> Work request
Under this line sits a listing. Repeat exactly and only its lines from the one holding "Le pont de Québec" through the one holding "Clients: Basf, Breitling, Caisse"; skip pictures.

=== Begin Enclosure ===

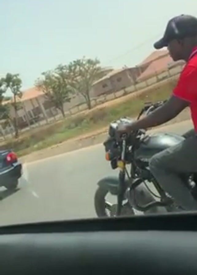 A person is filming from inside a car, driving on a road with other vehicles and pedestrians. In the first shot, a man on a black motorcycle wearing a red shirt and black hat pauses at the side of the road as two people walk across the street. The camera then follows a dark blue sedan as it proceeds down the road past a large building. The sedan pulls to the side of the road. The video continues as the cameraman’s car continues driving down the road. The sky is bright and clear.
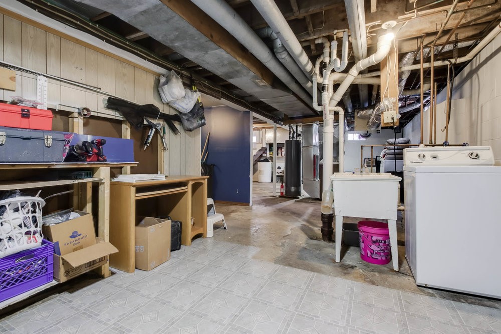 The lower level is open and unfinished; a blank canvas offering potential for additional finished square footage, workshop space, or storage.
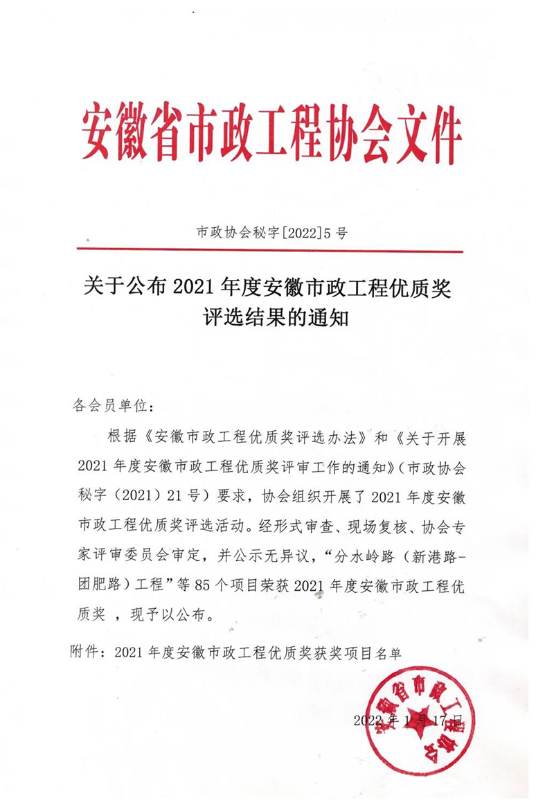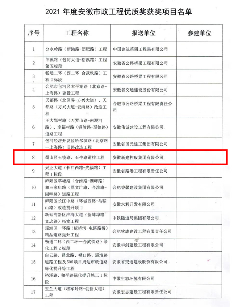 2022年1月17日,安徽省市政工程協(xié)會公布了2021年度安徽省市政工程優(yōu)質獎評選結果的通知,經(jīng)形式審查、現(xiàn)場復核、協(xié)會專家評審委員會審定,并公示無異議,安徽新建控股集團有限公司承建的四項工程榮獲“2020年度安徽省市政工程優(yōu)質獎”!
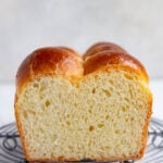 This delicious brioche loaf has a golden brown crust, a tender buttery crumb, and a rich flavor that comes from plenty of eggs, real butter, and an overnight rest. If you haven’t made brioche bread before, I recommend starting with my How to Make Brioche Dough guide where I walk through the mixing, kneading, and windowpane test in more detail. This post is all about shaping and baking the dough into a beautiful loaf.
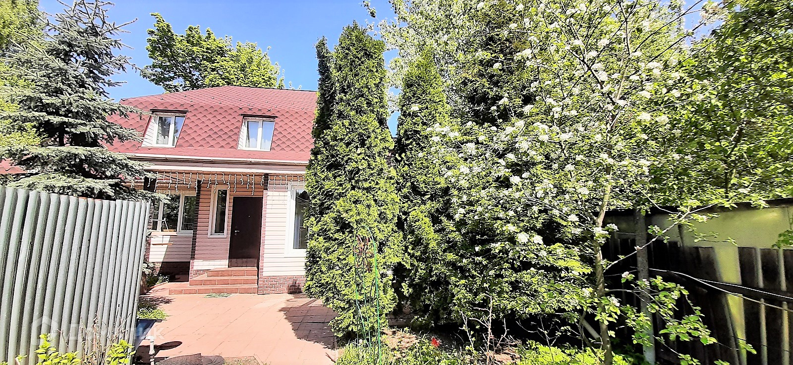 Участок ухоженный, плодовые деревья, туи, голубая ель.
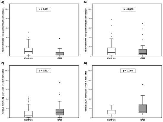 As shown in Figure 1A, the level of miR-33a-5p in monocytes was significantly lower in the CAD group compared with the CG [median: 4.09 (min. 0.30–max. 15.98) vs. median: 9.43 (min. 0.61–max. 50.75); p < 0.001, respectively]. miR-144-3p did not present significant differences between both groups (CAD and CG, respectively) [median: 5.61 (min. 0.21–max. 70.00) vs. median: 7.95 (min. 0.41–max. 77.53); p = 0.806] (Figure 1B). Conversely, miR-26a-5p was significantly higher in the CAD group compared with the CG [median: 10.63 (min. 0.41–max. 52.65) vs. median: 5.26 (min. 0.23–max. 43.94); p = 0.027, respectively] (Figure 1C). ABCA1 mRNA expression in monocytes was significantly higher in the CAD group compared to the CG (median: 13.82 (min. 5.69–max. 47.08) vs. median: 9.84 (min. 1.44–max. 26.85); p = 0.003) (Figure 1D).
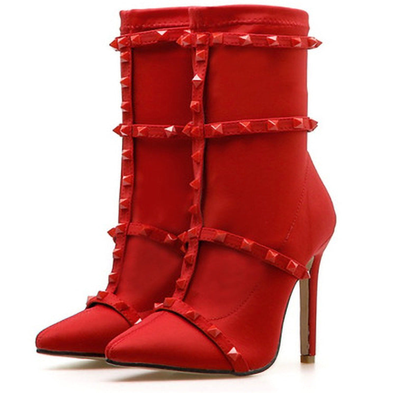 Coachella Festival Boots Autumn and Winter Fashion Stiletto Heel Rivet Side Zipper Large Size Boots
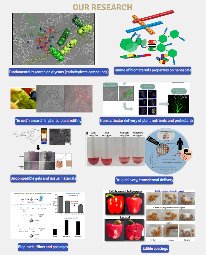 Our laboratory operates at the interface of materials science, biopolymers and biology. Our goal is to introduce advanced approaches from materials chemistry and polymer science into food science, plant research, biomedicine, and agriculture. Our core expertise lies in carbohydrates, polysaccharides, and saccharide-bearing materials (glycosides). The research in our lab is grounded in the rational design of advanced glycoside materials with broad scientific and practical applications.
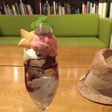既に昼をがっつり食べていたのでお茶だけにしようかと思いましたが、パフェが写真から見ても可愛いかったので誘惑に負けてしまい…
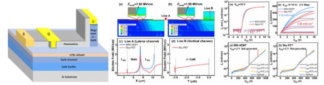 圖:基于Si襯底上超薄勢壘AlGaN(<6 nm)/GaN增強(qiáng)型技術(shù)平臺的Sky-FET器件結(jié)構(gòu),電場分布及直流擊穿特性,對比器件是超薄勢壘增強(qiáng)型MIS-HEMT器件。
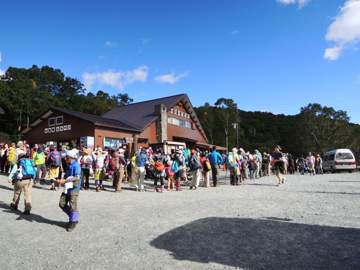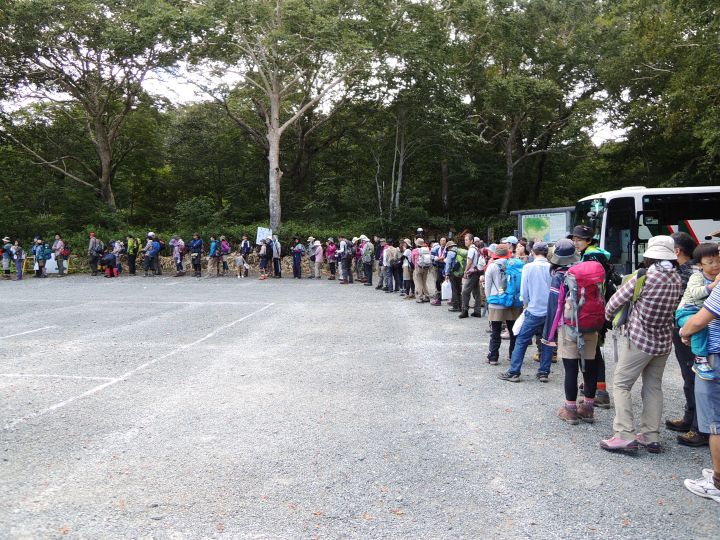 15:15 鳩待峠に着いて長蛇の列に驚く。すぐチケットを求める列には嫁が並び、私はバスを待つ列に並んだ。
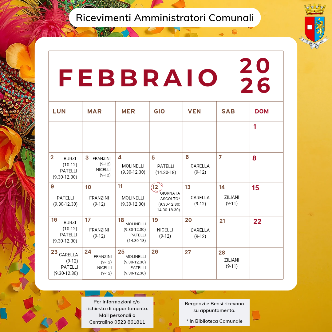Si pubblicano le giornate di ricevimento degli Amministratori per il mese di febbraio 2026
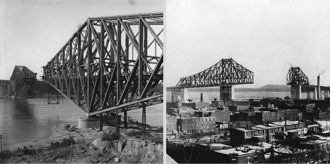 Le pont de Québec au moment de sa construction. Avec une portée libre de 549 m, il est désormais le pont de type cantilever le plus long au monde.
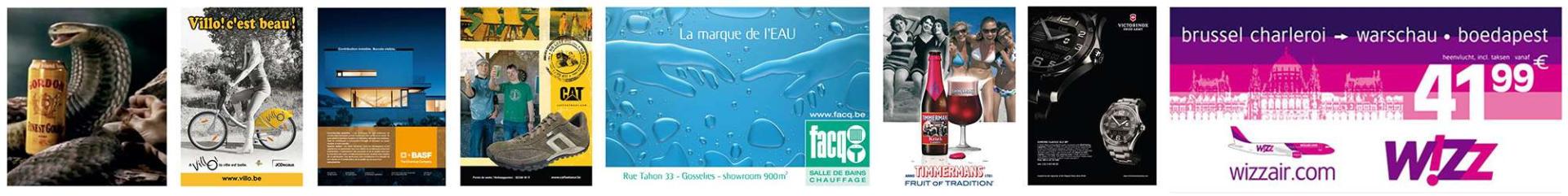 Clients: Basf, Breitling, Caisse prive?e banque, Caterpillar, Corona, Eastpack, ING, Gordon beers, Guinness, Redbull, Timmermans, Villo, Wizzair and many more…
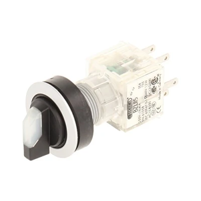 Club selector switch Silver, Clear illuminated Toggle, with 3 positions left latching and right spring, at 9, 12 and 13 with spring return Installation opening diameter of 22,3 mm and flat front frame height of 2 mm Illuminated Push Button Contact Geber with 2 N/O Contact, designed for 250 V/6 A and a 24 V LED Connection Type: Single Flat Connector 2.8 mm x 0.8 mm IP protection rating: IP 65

=== End Enclosure ===

> Reply to the exercise
 Le pont de Québec au moment de sa construction. Avec une portée libre de 549 m, il est désormais le pont de type cantilever le plus long au monde.
 Clients: Basf, Breitling, Caisse prive?e banque, Caterpillar, Corona, Eastpack, ING, Gordon beers, Guinness, Redbull, Timmermans, Villo, Wizzair and many more…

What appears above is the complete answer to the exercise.